Dia mengatakan Komando Operasi Siber Seoul memanfaatkan AI untuk mengidentifikasi, menilai, dan menetralisasi ancaman. Sementara itu, perusahaan keamanan siber, dengan dukungan dan investasi pemerintah, menggunakan AI untuk meningkatkan deteksi anomali, menganalisis intelijen ancaman, dan memperkuat kapabilitas respons waktu nyata.
Prakarsa utama Rencana Dasar Keamanan Siber Nasional itu difokuskan pada peningkatan ketahanan infrastruktur kritis, peningkatan kolaborasi industri-akademisi, dan penyempurnaan kerangka hukum untuk memperjelas peran individu, bisnis, dan pemerintah.
Komando Operasi Siber dan NIS bermitra dengan sektor swasta untuk melawan pencurian mata uang kripto, demikian ungkap Tae Yeon Eom. Langkah-langkahnya meliputi pemantauan waktu nyata dan pelacakan transaksi secara forensik. Sementara itu, pengguna bursa mata uang kripto Korea Selatan harus memverifikasi identitas mereka.
Tae Yeon Eom mengutip Cyber Partners yang dipimpin NIS sebagai contoh kolaborasi publik-swasta. Berdasarkan prakarsa itu, kontraktor pertahanan tengah bermitra dengan perusahaan rintisan dan penyedia teknologi AI “untuk mengembangkan sistem pertahanan AI khusus, seperti algoritme deteksi ancaman otonom, sistem tanpa awak, dan platform analitik prediktif canggih,” ungkapnya.
Pada Desember 2024, Majelis Nasional Korea Selatan mengesahkan Undang-Undang Dasar AI, yang bertujuan untuk menyeimbangkan pengawasan dan inovasi. Undang-undang itu mempromosikan regulasi mandiri untuk memastikan keamanan dan keandalan AI, sembari menegakkan langkah-langkah transparansi untuk mencegah penyalahgunaan, seperti deepfake, demikian menurut situs web analisis Law.Asia.

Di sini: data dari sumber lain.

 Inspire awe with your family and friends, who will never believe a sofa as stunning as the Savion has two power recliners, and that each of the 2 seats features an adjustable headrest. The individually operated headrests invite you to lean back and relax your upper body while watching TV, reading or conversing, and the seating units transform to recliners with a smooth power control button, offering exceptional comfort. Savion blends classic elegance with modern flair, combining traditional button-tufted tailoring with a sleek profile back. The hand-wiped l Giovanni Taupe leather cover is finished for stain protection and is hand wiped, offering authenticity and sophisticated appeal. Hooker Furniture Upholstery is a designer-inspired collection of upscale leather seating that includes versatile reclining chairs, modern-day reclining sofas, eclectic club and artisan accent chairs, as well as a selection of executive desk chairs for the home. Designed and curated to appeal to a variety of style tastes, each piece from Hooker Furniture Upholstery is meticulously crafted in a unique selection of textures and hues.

Pada awal tahun 2025, otoritas perlindungan data Korea Selatan menghapus chatbot AI Tiongkok, DeepSeek, dari toko aplikasi resmi, dengan alasan kekhawatiran atas praktik pengumpulan data yang patut dipertanyakan, demikian yang dilaporkan situs web Bank Info Security yang berkantor pusat di Amerika Serikat.
Prakarsa keamanan siber Seoul itu mencerminkan upaya Sekutu dan Mitra di seluruh kawasan ini. Misalnya, Dinas Digital dan Intelijen Angkatan Bersenjata Singapura dan Badan Keamanan Siber negara itu menyelenggarakan Latihan Pertahanan Infrastruktur Kritis ketiga pada akhir tahun 2024.

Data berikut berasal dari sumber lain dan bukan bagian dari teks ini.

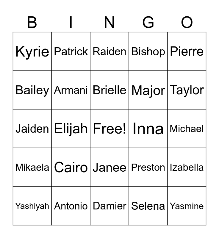 This bingo card has a free space and 51 words: Autumn, Yasmine, Jonte, Damier, Cairo, Prince-william, Patrick, Alani, Bailey, Eli, Armani, Bishop, Izabella, Preston, Delante, Jackson, Brielle, Inna, Riley, Pierre, Elijah, Selena, Kyrie, Major, Amara, Elijah, Taylor, Dyllan, Yashiyah, Raiden, Aloni, Connor, Journie, Theron, Sexture, Antonio, Braylon, Deliyah, Jazzelle, Carson, Michael, Mikaela, Kai'Andre, Jada, Gabryell, Ashton, Jaiden, Kevon, Airy'anna, Janee and Zachary.

Pada Februari 2025, Korea Selatan menjadi tuan rumah latihan Cyber Marvel yang dipimpin oleh Britania Raya. Di sana, para pakar keamanan siber dari 26 negara mempertahankan diri dari berbagai simulasi serangan. Seoul juga mendanai operasi Interpol 2024 yang mengakibatkan sekitar 5.500 penangkapan dan penyitaan lebih dari 6,79 triliun rupiah (400 juta dolar A.S.) dalam bentuk kripto dan mata uang lainnya, demikian ungkap Tae Yeon Eom.
Felix Kim merupakan kontributor FORUM yang memberikan laporan dari Seoul, Korea Selatan.